Music possesses many magical qualities. For one, it tends to bind people together. Most countries have a national anthem. Armies have had drummers follow them into battle to stir up patriotic fervor. Religions have chants or hymns to express devotion and celebrate holidays. Heck, even our high school football team had a song. The lyrics were not too profound, but the opening lines "We want a touchtown. Yes, we do, we want a touchdown!" got the general point across.
Songs tend to harbor memories. When I met my husband, there was a song playing. That is now our song. Whenever I hear it, my heart still melts, even though the song is actually quite cheesy. Tunes can remind us of a season, a place or a person. My father died in 1995, but whenever I hear Big Band music, it still reminds me of him.
|My daughter, right, partakes in karaoke, a |
popular activity among drunken Japanese
businessmen and today's youth.
Did you know that music can help with parenting? While I enjoy belting out a good tune, my family doesn't like listening to me. This, however, has worked to my advantage. When my children were small, if they didn't finish their meals, I threatened to sing and that would get them to gobble up every last crumb. Put that one in your book on child-rearing, Dr. Spock!

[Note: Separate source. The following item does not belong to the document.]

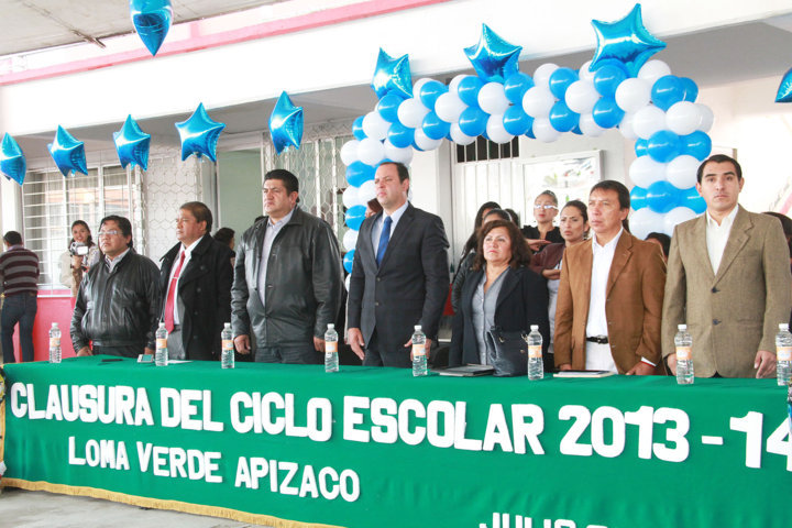 Asiste el presidente municipal de Apizaco, Jorge Luis Vázquez Rodríguez  a la clausura del ciclo escolar 2013-2014 de la escuela primaria “Mi patria es primero” de la colonia Loma Verde; más tarde acompañado del gobernador del estado, Mariano González Zarur, asistió a la graduación de los alumnos del Centro de Bachillerato Tecnológico Industrial y de Servicios.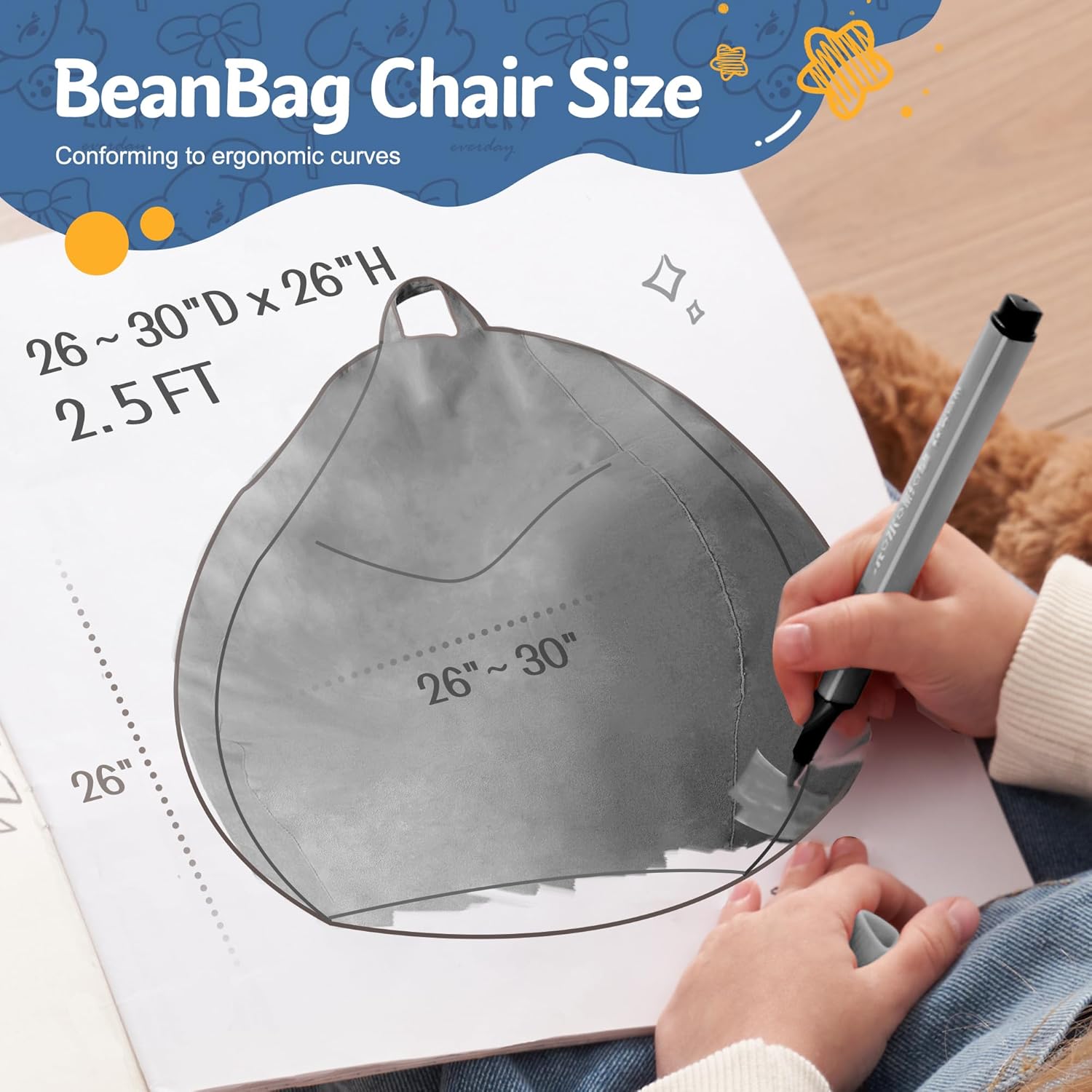 - Approximate Size: The comfy bean bag chair has small size for your little one. They can enjoy a comfortable place to sit! This bean bag chair is a great fit for a variety of living spaces with the "classic" bean bag shape everyone loves! Designed with a convenient handle makes it easy for little hands to travel to their next adventure.

Music can be a source of comfort and strength. It is telling that when the Titanic was sinking, a band played on deck until the rising waters stilled the musicians. When a plane recently had trouble in mid-flight, a chorus on board returning from a performance began singing and everyone calmed down. When minorities in this country suffered from injustice and repression, they raised their voices in gospel and the Blues.
There is some part of the brain, or maybe the soul, that is stirred and soothed by music. Perhaps it appeals to something primitive in all of us. It may journey through our cell memories down generations of human existence. From the rhythmic beat of a stick on a hollow log and chanting to the development of instruments and choral harmony, music has evolved with us. It is as necessary as oxygen and food in nourishing and sustaining us. It begins with lullabies at the cradle and accompanies us through grade school, dating, weddings, anniversaries and finally bids us farewell at our own funerals. It is truly the rhythm of life.